Dadei is charged under Article 282.2 § 2 with ‘involvement’ in an organization declared extremist in Russia.  Quite literally for having posted two advertisements about a collection to help a Ukrainian volunteer battalion, he could face a sentence of up to five years’ imprisonment.

Oleksandr Shumkov was the next Ukrainian to be abducted to Russia and imprisoned. The 28-year-old disappeared towards the end of August 2017, however it was only on September 26 that Larisa Shumkova received a letter from the Russian FSB for the Bryansk oblast informing her that her son had been detained on September 6 on suspicion of “committing a crime”, also under Article 282 § 2  (‘involvement in an extremist organization’). 

Shumkov is a former Maidan activist, a member of the Kherson branch of the Union of Ukrainian Youth in Ukraine and a contracted military servicemen for the Ukrainian Armed Forces.  That would already be enough to deter him from entering Russia of his own free will, but he is also an ex-security guard to Dmytro Yarosh, who is now an MP, but was the leader of Right Sector. 

Roman Ternovsky

On 18 October 2017, the Russian Investigative Committee and FSB arrested Roman Ternovsky, seemingly for attending entirely legal Right Sector events in Ukraine and for promoting the organization on Facebook.  He was allegedly seized in the Rostov oblast (Russia).

The reports claim that “Ternovsky’s above-listed activities were directed against the interests of the Russian Federation and are classified by the investigators under Article  282 § 2 of Russia’s criminal code, namely participation in an ‘extremist organization’.  

The evidence is simply damning.  “During the course of a search of the suspect’s residence in Rostov on the Don, items of clothing and other personal things were discovered with Right Sector symbols”.
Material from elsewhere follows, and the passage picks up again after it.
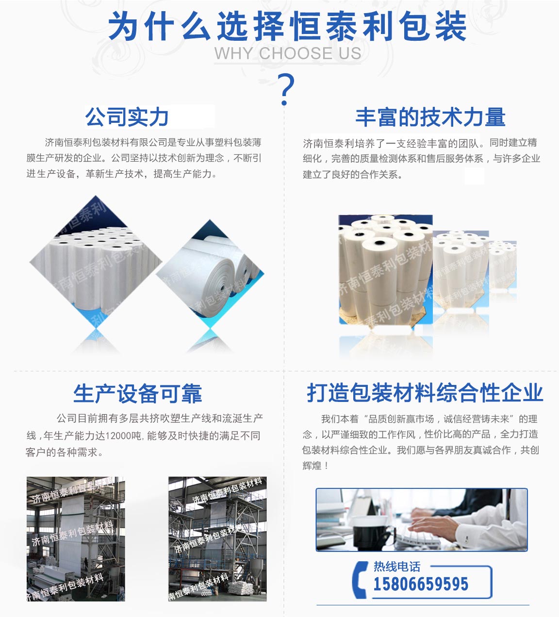 濟(jì)南恒泰利包裝材料有限公司位于濟(jì)南市市中區(qū),是從事塑料包裝薄膜生產(chǎn)研發(fā)的企業(yè)。公司成立十幾年以來(lái),堅(jiān)持以技術(shù)創(chuàng)新為理念,不斷引進(jìn)生產(chǎn)設(shè)備,革新生產(chǎn)技術(shù),提高生產(chǎn)能力。并堅(jiān)持自主創(chuàng)新,加強(qiáng)企業(yè)管理,培養(yǎng)了一支經(jīng)驗(yàn)豐富的團(tuán)隊(duì)。同時(shí)企業(yè)建立高標(biāo)準(zhǔn)、精細(xì)化質(zhì)量檢測(cè)管理體系和完善的售后服務(wù)體系,與國(guó)內(nèi)外許多家企業(yè)建立了良好密切的合作關(guān)系。公司目前擁有多層共擠吹塑生產(chǎn)線(xiàn)和流延生產(chǎn)線(xiàn),年生產(chǎn)能力達(dá)12000噸,能夠及時(shí)快捷的滿(mǎn)...

In all three cases, Ukrainian citizens have been arrested for carrying out activities on Ukrainian territory linked with an organization which is legal in Ukraine.

The fact that 37-year-old Denis Bakholdin is a Russian citizen does not make the charges against him any more sane, since he is also accused of activities in Ukraine.  Bakholdin is a Russian activist and fierce critic of Russia’s war against Ukraine.  He had been living Ukraine since 2014, but when his mother fell ill in March 2017, he tried to visit her and was detained in the Bryansk oblast, and remanded in custody, on the same charges of involvement in Right Sector.

The most chilling part of all of these arrests and ‘trials’ is that the only difficult moment appears to be in getting Ukrainians (or Russian activists) into the clutches of the Russian FSB. Afterwards, Russian prosecutors and judges provide the sentences demanded.